Who Am I?

For one of my classes, we were assigned to write a paragraph about our “personal brand.” I liked mine so I thought I’d share:

I am slightly over-programmed, but I like it that way. I am a student athlete in a sorority on Student Senate majoring in Journalism double minoring in Sociology and Business in the Honors Program and I wouldn’t change a thing. I work hard and want to be the best at everything I do. Being an athlete, I’m extremely competitive, mentally tough and know what it truly means to be a team player. In order to balance athletics with academics, campus involvement and social obligations, my agenda is hands down my favorite accessory. I am very passionate about education, female empowerment, gender equality and social justice. I love the idea of creating something that can impact people and make a difference in the world and hope that I will have a career that allows me to do so. Although I’m extremely busy, I have a lot of fun yet maintain a very driven and focused mindset. I’m not ashamed to love the color pink, hanging out in coffee shops, acoustic music, dancing, cats, my family and being outdoors. I’m an avid social media user, pajama wearer, and dessert eater. Someday, when I’m not a broke college student, I want to travel the world. I’m blunt, I’m sarcastic, I laugh a lot, I occasionally trip over my own feet and I truly believe that everything happens for a reason.


Over the last week, I had the privilege of standing in lines for over 8 hours because a certain someone visited LFK. That certain someone happened to be the leader of the free world and hands down the most powerful man in the world.

President Barack Obama gave his State of the Union Speech on Tuesday in D.C. and I got a chance to see him reiterate his points on Thursday. Although the POTUS and I don’t agree on everything, the experience was by far one of the coolest things to ever happen to me. Not to mention, the President used the softball locker room to hang out in before his speech. Secret Service suggested we write him notes and much to our pleasant surprise, he signed them all.
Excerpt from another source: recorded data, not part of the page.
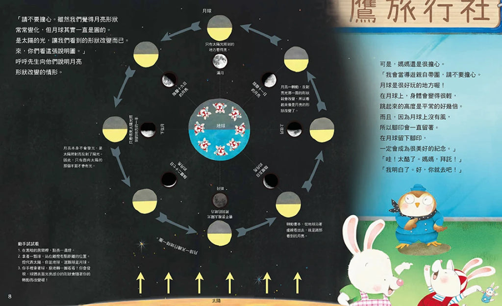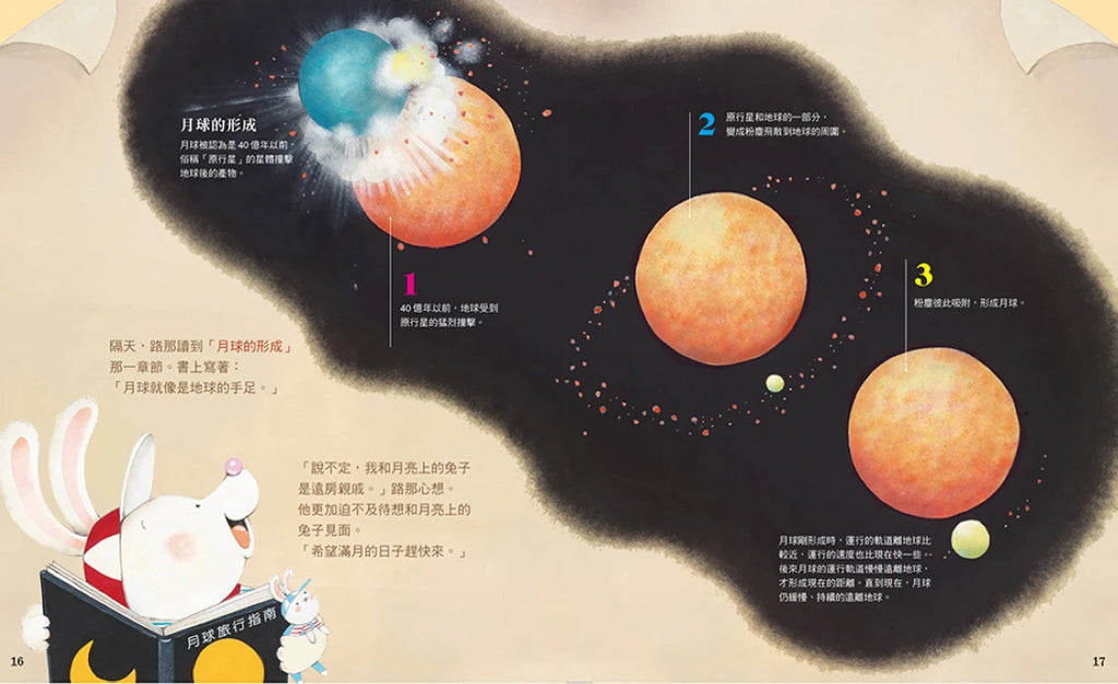 現在小兔子路那認識了月球的形成、月相的變化、月球引力造成的潮汐效應、月食與日食的原理、月海的形成過程……只要等到下一次滿月,帶著月球地圖,月球之旅就要啟程。好讓人期待啊!
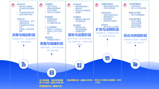 政策福利直达:专属团队解读出海政策,协助完成福利申请、资质办理,帮您吃透政策红利、少走流程弯路;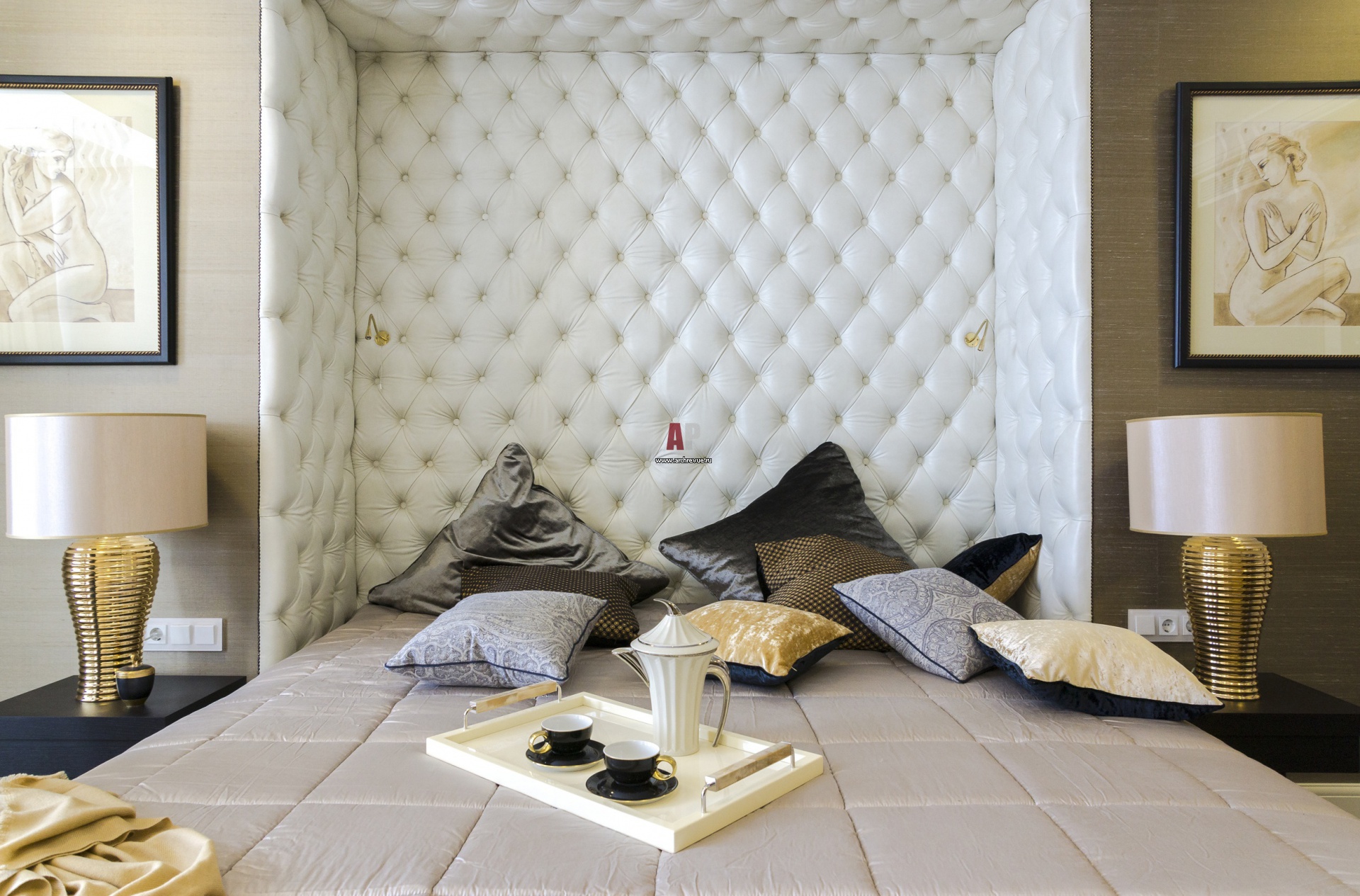 Кровать размещена в нише. Изголовье кровати выполнено на заказ. Прикроватные тумбочки, Meridiani, модель Clooney. Стены оформлены обоями с эффектом шелка. Настольные лампы, Zonca.

I wasn’t selected as one of the chosen students to sit and be honored behind the president or volunteer at the event but I was maybe 30 feet in front of President Obama and enjoyed every minute of the time I spent this week. It was well worth the wait.



It’s a truly amazing thing to have good friends in your life.

Growing up, I never spent a lot of time with the people from my school. I played softball every weekend and had practice twice a week. Those girls were more than just my best friends, they were my family. Today, a group of us got together for the first time since 2012 and it was honestly as if no time had passed.

I had some truly wonderful memories playing competitive softball, but like any competitive athlete will tell you, there are some serious downsides to it too. What truly bonds a team, however, no matter what age or level, is respect and I’m convinced that respect for one another is what’s kept my friendships with my former teammates so timeless. To this day, I respect their talent, personality, and values, something I hope I can achieve with any and all my future relationships.

One of the best pieces of advice I’ve ever received is that you don’t need to be best friends with someone in order to be a good teammate. Results happen from mutually respectful relationships, however, I was fortunate enough to make lifelong friends with those who earned my respect. You may hear to surround yourself with like minded people or dreamers or optimists but from my (very wise) 19 years of knowledge, I find it best to surround yourself with people you want to fight for whether it’s on the field of play or not. The respect you have for a person is fundamental for success.

True Life: I’m an E-mail Hoarder

I love online shopping. Correction: online window shopping would probably be more politically correct on a college budget like mine. If you also partake in shopping online, then you know for many sites, you can’t enter until you give them your e-mail. Although I’m sure there are many people that choose to exercise self control, I do not and without fail, I submit my e-mail to pretty much any site I stumble upon. Therefore, this morning, I deleted 2645 e-mails from the three accounts I actively used.

Some e-mails were the junk mailers I invited to occupy my mailbox, but many of the e-mails that were sitting there were over a year old. They were all there: old office hours e-mails, correspondences with the university newspaper old editor, grade checks, practice schedules, etc. I deleted every e-mail in my box but 25 that are still relevant and I’m not going to lie, it felt like I was deleting old friends. They may just be old e-mails but it actually made me sad to see the memories and invites and information disappear. This is not normal. With every e-mail came another pathetic wince as I hit delete and I realized that this needs to stop. I’m actually a hoarder… and this actually needs to stop…

So, for the first of my many goals for 2015, I vow to stop collecting e-mails like they’re a baseball card collection. I’m getting closer and closer to my professional life and I need to use my e-mail accounts to organize my life, not to collect old memories. I’m not going to promise that I won’t be online window shopping anymore, but I’m going to use a junk e-mail from now on. I cleared every mailbox, deleted all my trash, and hit unsubscribe to every junk mail clogger and I already feel less overwhelmed.